◆ **DATA PROVIDED**:
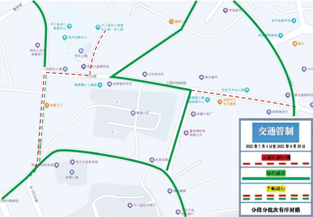 三兴路:大桥东路路口至横巷街幼教中心门口(全幅分段封闭施工),时间:8月1日至8月15日
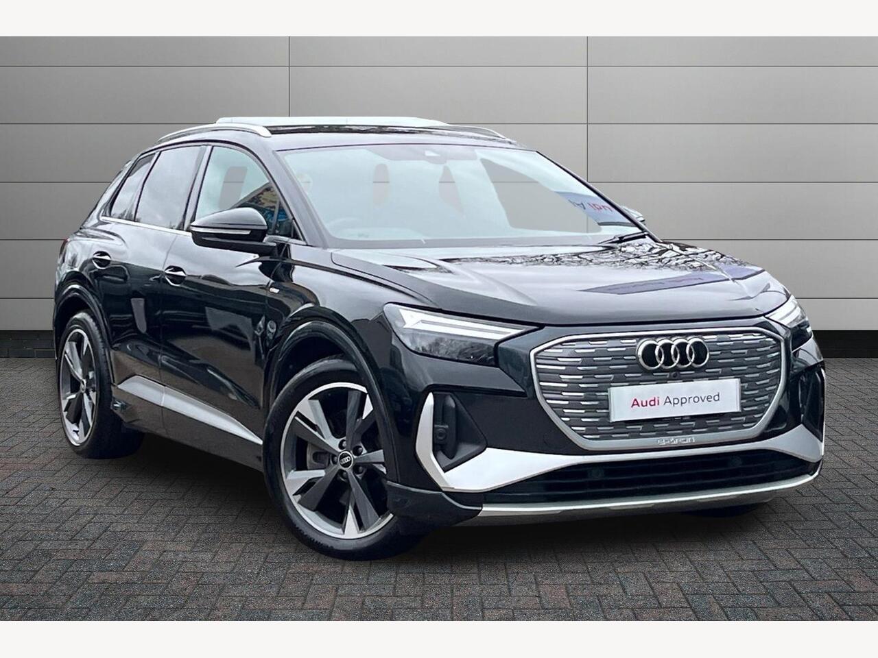 Whetstone0 Previous Owners, Audi connect safety and service (ecall), Audi drive select, Audi Smartphone Interface with wireless functionality, Audi Virtual Cockpit 10.25" display, Bluetooth interface, Camera based traffic sign recognition, Lane departure warning system, MMI Navigation Plus with high resolution 10.1 inch touchscreen colour display, Power operated tailgate, Progressive steering, Swerve assist and turn assist, 11KW onboard charger, 125kW DC charging capability, AC and DC charging access point positioned on the rear right, Compact etron charging system, Household plug type G (GB), Industry plug CEE 32 A/230 V/6 h/long + straight, Mode 3 AC charging cable 22 kW, 2 USBC ports with charge and data functions, Audi sound system with 8 speakers, DAB Digital radio, Acoustic glass windscreen, Aluminium roof rails, Body coloured door mirrors, Contrast bumpers in Manhattan grey, Driver's door mirror memory, Electrically adjustable/heated/folding/auto dimming door mirrors with integrated LED indications + kerb view function for passenger side, Frameless auto dimming interior rear view mirror, LED daytime running lights, Projection light in the exterior mirrors, etron logo projected from the underside of the exterior mirror onto the ground, S line badges on front wings, S line exterior styling, Side and rear window privacy glass, Single frame grille with a structured, closed surface within an octagonal shape, 3 zone automatic air conditioning, 4 way electric lumbar support for driver and front passenger, 40:60 Split folding rear seat or folded fully, Accent surfaces in gloss black centre console control panel, switch panel and trim on front doors in gloss black, Auxiliary air conditioning, Black cloth headlining, Comfort front centre armrest, Driver/passenger manual seat height adjustment, Front and rear head restraints, Front door sill trims with aluminium inlay, illuminated with S logo, Front/rear floor mats, Heated front seats, Stainless steel pedals, Gloss styling pack Q4 Etron, Non smoking pack Q4 Etron, 3x3 point rear seatbelts, Active vehicle alerting system (AVAS), Driver and front passenger airbag with passenger airbag deactivation, Electric child locks, Front side airbags with head airbags and interaction airbag, Presense front with pedestrian and cyclist detection, Seatbelt warning, Tyre pressure loss indicator, Warning triangle and first aid kit, Anti theft alarm, Antitheft wheel bolts, Keyless Go, Aluminium look interior elements, Inlay in dark matt
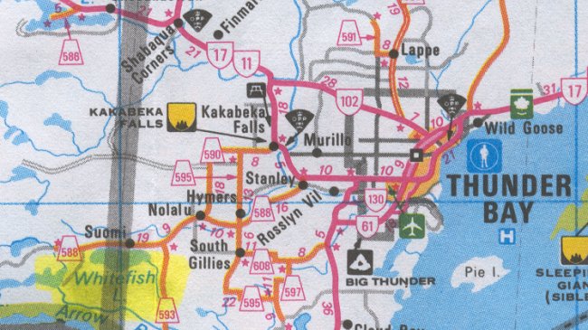 - Map showing the location of Whitefish Lake west southwest of Thunder Bay - 29 May 2002.

◆ **TASK STATEMENT**: The listing above must be restated word for word. Its pictures are to be left out.

◆ **ANSWER TO THIS TASK**:
 三兴路:大桥东路路口至横巷街幼教中心门口(全幅分段封闭施工),时间:8月1日至8月15日
 Whetstone0 Previous Owners, Audi connect safety and service (ecall), Audi drive select, Audi Smartphone Interface with wireless functionality, Audi Virtual Cockpit 10.25" display, Bluetooth interface, Camera based traffic sign recognition, Lane departure warning system, MMI Navigation Plus with high resolution 10.1 inch touchscreen colour display, Power operated tailgate, Progressive steering, Swerve assist and turn assist, 11KW onboard charger, 125kW DC charging capability, AC and DC charging access point positioned on the rear right, Compact etron charging system, Household plug type G (GB), Industry plug CEE 32 A/230 V/6 h/long + straight, Mode 3 AC charging cable 22 kW, 2 USBC ports with charge and data functions, Audi sound system with 8 speakers, DAB Digital radio, Acoustic glass windscreen, Aluminium roof rails, Body coloured door mirrors, Contrast bumpers in Manhattan grey, Driver's door mirror memory, Electrically adjustable/heated/folding/auto dimming door mirrors with integrated LED indications + kerb view function for passenger side, Frameless auto dimming interior rear view mirror, LED daytime running lights, Projection light in the exterior mirrors, etron logo projected from the underside of the exterior mirror onto the ground, S line badges on front wings, S line exterior styling, Side and rear window privacy glass, Single frame grille with a structured, closed surface within an octagonal shape, 3 zone automatic air conditioning, 4 way electric lumbar support for driver and front passenger, 40:60 Split folding rear seat or folded fully, Accent surfaces in gloss black centre console control panel, switch panel and trim on front doors in gloss black, Auxiliary air conditioning, Black cloth headlining, Comfort front centre armrest, Driver/passenger manual seat height adjustment, Front and rear head restraints, Front door sill trims with aluminium inlay, illuminated with S logo, Front/rear floor mats, Heated front seats, Stainless steel pedals, Gloss styling pack Q4 Etron, Non smoking pack Q4 Etron, 3x3 point rear seatbelts, Active vehicle alerting system (AVAS), Driver and front passenger airbag with passenger airbag deactivation, Electric child locks, Front side airbags with head airbags and interaction airbag, Presense front with pedestrian and cyclist detection, Seatbelt warning, Tyre pressure loss indicator, Warning triangle and first aid kit, Anti theft alarm, Antitheft wheel bolts, Keyless Go, Aluminium look interior elements, Inlay in dark matt
 - Map showing the location of Whitefish Lake west southwest of Thunder Bay - 29 May 2002.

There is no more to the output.